▶ [TASK MATERIAL]:

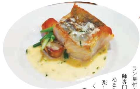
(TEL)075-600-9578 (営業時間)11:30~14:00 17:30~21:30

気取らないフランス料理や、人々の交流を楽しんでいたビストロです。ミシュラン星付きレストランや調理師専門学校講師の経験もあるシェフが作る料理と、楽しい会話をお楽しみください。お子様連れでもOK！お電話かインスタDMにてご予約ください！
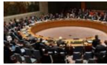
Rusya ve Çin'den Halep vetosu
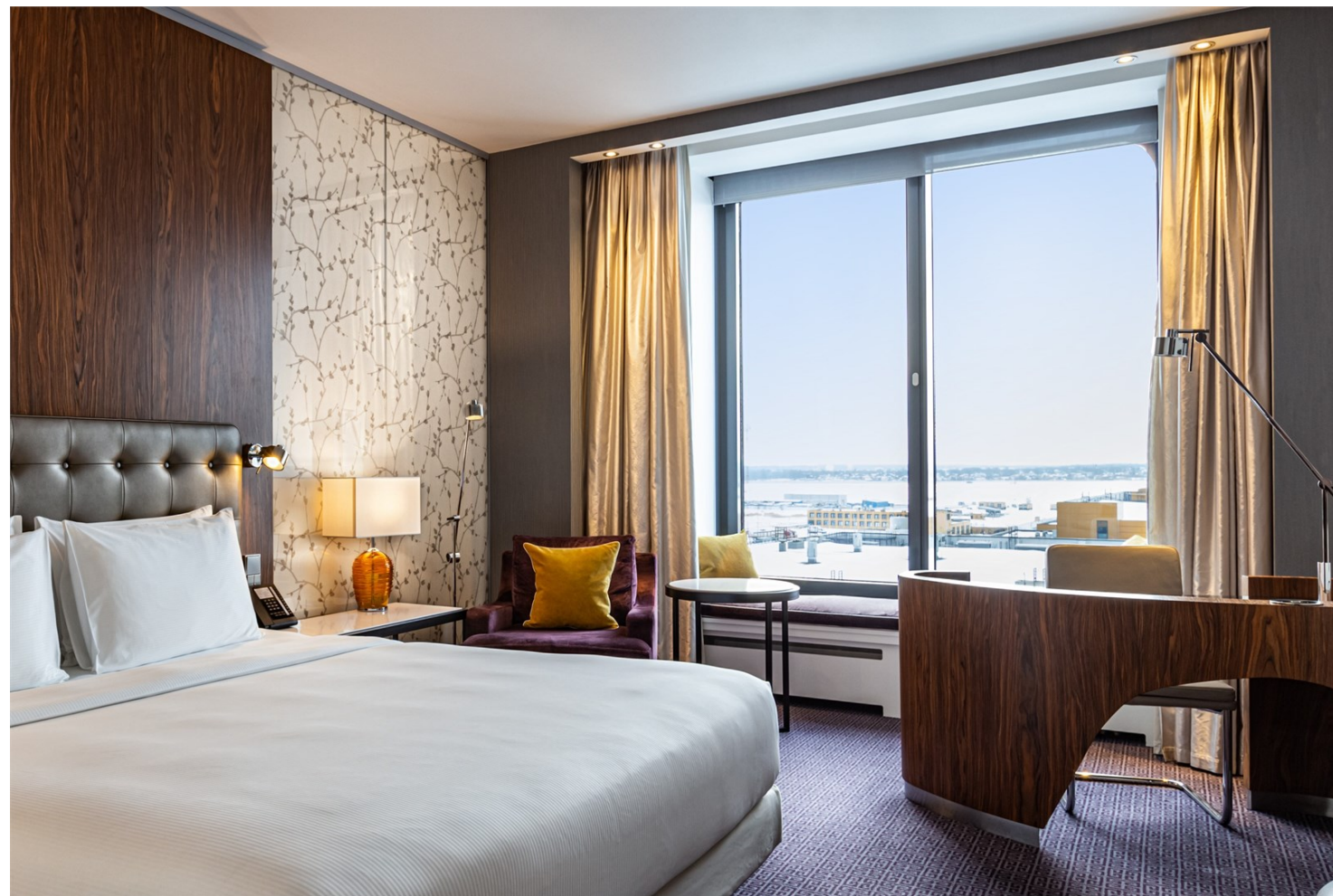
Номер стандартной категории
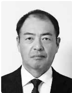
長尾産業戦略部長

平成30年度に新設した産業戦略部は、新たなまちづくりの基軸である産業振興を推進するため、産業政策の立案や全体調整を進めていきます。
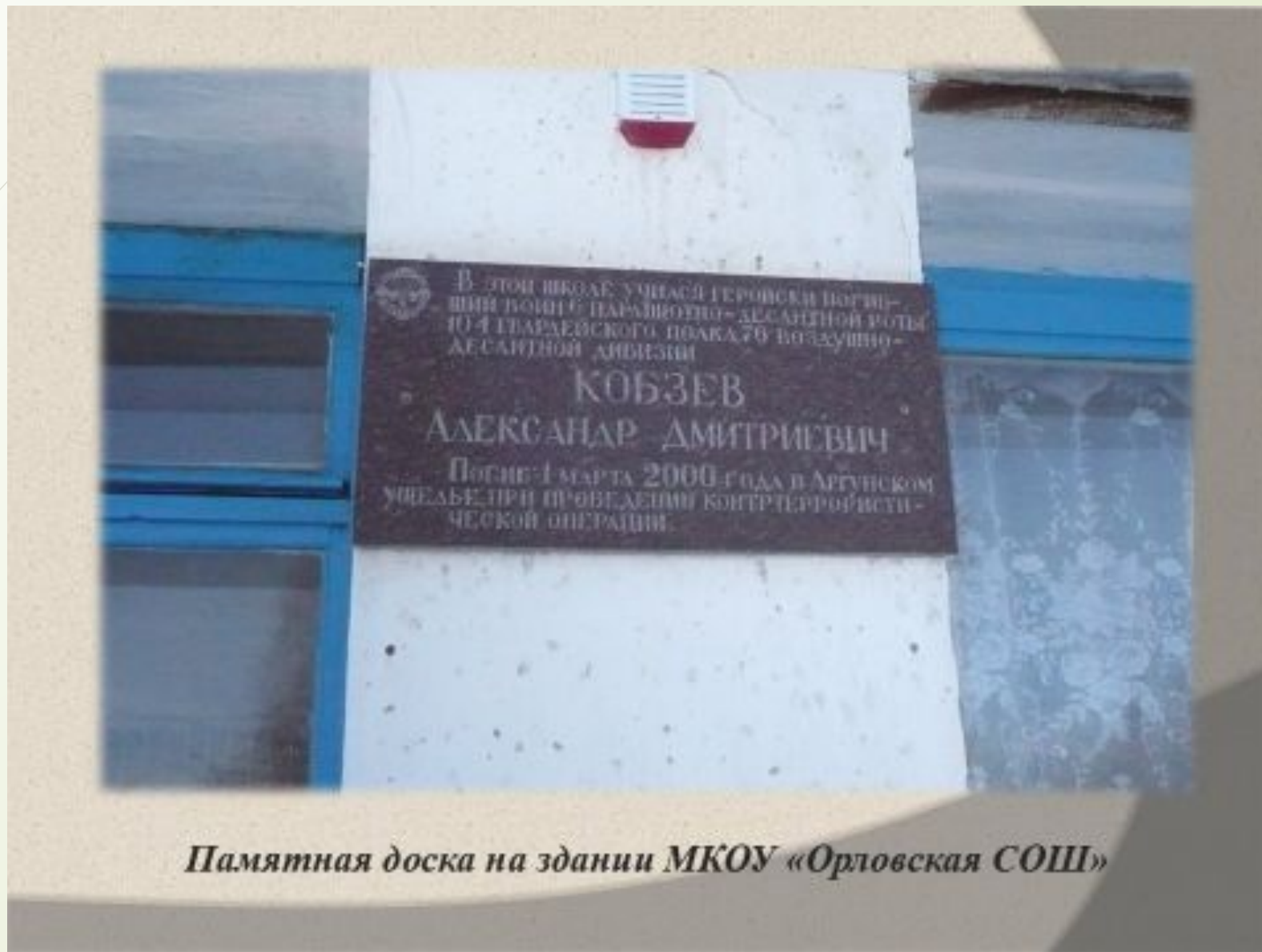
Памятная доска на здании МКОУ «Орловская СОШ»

▶ [TASK INSTRUCTIONS]: Write out every record above exactly as it stands, but leave out the pictures.

▶ [THE COMPLETED TASK]:
(TEL)075-600-9578 (営業時間)11:30~14:00 17:30~21:30

気取らないフランス料理や、人々の交流を楽しんでいたビストロです。ミシュラン星付きレストランや調理師専門学校講師の経験もあるシェフが作る料理と、楽しい会話をお楽しみください。お子様連れでもOK！お電話かインスタDMにてご予約ください！
Rusya ve Çin'den Halep vetosu
Номер стандартной категории
長尾産業戦略部長

平成30年度に新設した産業戦略部は、新たなまちづくりの基軸である産業振興を推進するため、産業政策の立案や全体調整を進めていきます。
Памятная доска на здании МКОУ «Орловская СОШ»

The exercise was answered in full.